In the same Ranger build that we had done earlier, we would find an installation setup for enabling Solr audits. We also want to change some installation configurations for our specific use case.
cd ~/ranger-2.0.0-admin/contrib/solr_for_audit_setup
# Change config
vi install.properties
SOLR_USER=<your_mac_user>
SOLR_GROUP=<your_mac_group>
SOLR_INSTALL=true
JAVA_HOME=<your_java_home>
SOLR_DOWNLOAD_URL=http://archive.apache.org/dist/lucene/solr/7.7.1/solr-7.7.1.tgz
SOLR_INSTALL_FOLDER=<your_prefix_folder>/data/solr
SOLR_RANGER_HOME=<your_prefix_folder>/data/solr/ranger_audit_server
SOLR_RANGER_DATA_FOLDER=<your_prefix_folder>/data/solr/ranger_audit_server/data
SOLR_LOG_FOLDER=<your_prefix_folder>/var/log/solr/ranger_audits
After that, we can run the setup scripts.
# Setup directory
mkdir -p <SOLR_INSTALL_FOLDER>
# Setup scripts run python2
pyenv local 2.7.18
# After updating the required properties, run setup.sh
sudo ./setup.sh
# Change user:group for Solr directory
sudo chown -R <your_mac_user>:<your_mac_group> ~/ranger-2.0.0-admin/contrib
# Add write permission to Solr schema
chmod +w ~/ranger-2.0.0-admin/contrib/solr_for_audit_setup/data/solr/ranger_audit_server/ranger_audits/conf/managed-schema
Once the setup scripts are completed, we can start the Solr service.

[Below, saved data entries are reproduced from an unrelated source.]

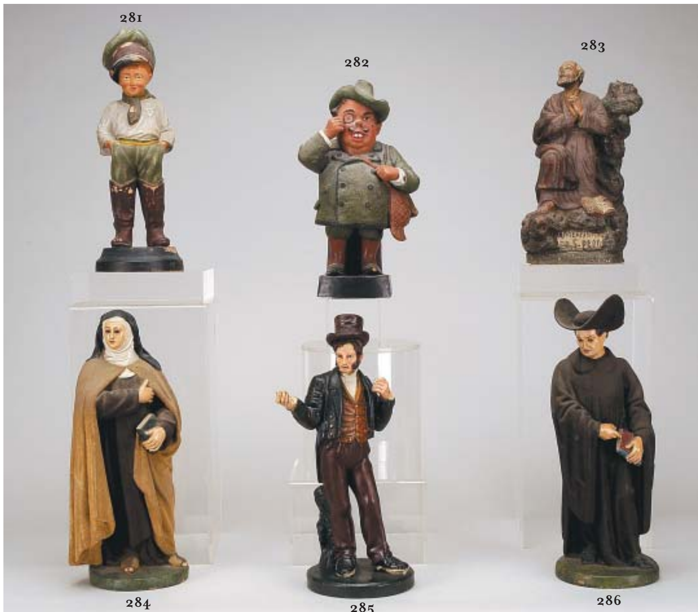
281 "MENINO DE MÃOS NOS BOLSOS" , escultura em barro policromado das Caldas, séc. XX, sem o cachimbo, faltas na pintura, marca E. M. CALDAS Dim. - 31 cm € 150 - 225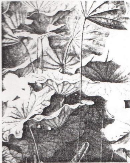
Des lotus en végétation luxuriante.

L'exposition est un voyage dans un monde onirique. Les elfes, créatures mythiques d'origines scandinaves, symbolisent les éléments : l'eau, la terre, le feu, l'air ; d'autres créatures de rêve aux noms poétiques d'Estelle et Ophélie sont des sujets centraux de certaines peintures ; le monde végétal et animal est également sacralisé : le lotus, la licorne. Les chimères vont de tableaux en tableaux, touche d'humour avec cette heureuse famille de faunes (satyres) ou cette mariée tirailée par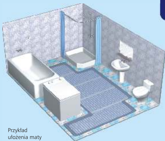
Przykład ułożenia maty grzejnej

Maty grzejne jednostronnie zasilane dzięki swojej budowie są jeszcze prostsze w układaniu i montażu. Maty dwustronnie zasilane są cieńsze, natomiast podczas układania należy pamiętać aby oba przewody zimne zostały doprowadzone do jednego punktu zasilającego.

# Instructions for start/stop Solr
cat <SOLR_RANGER_HOME>/install_notes.txt
# Start Solr
~/ranger-2.0.0-admin/contrib/solr_for_audit_setup/data/solr/ranger_audit_server/scripts/start_solr.sh
# Stop Solr
~/ranger-2.0.0-admin/contrib/solr_for_audit_setup/data/solr/ranger_audit_server/scripts/stop_solr.sh
Go to http://localhost:6083, you can see the information about your Solr service.

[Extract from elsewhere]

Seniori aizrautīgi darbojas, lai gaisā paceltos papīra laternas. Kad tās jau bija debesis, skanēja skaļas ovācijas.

If you don't want to build the source code yourself then go to this repository, I have included the output file of the build process at https://github.com/lam1051999/ranger_build_output.
This is all about installing Ranger with Solr for auditing. In the next blog, I will talk about how we can customize Spark to get a policy from Ranger and do the authorization on Spark SQL.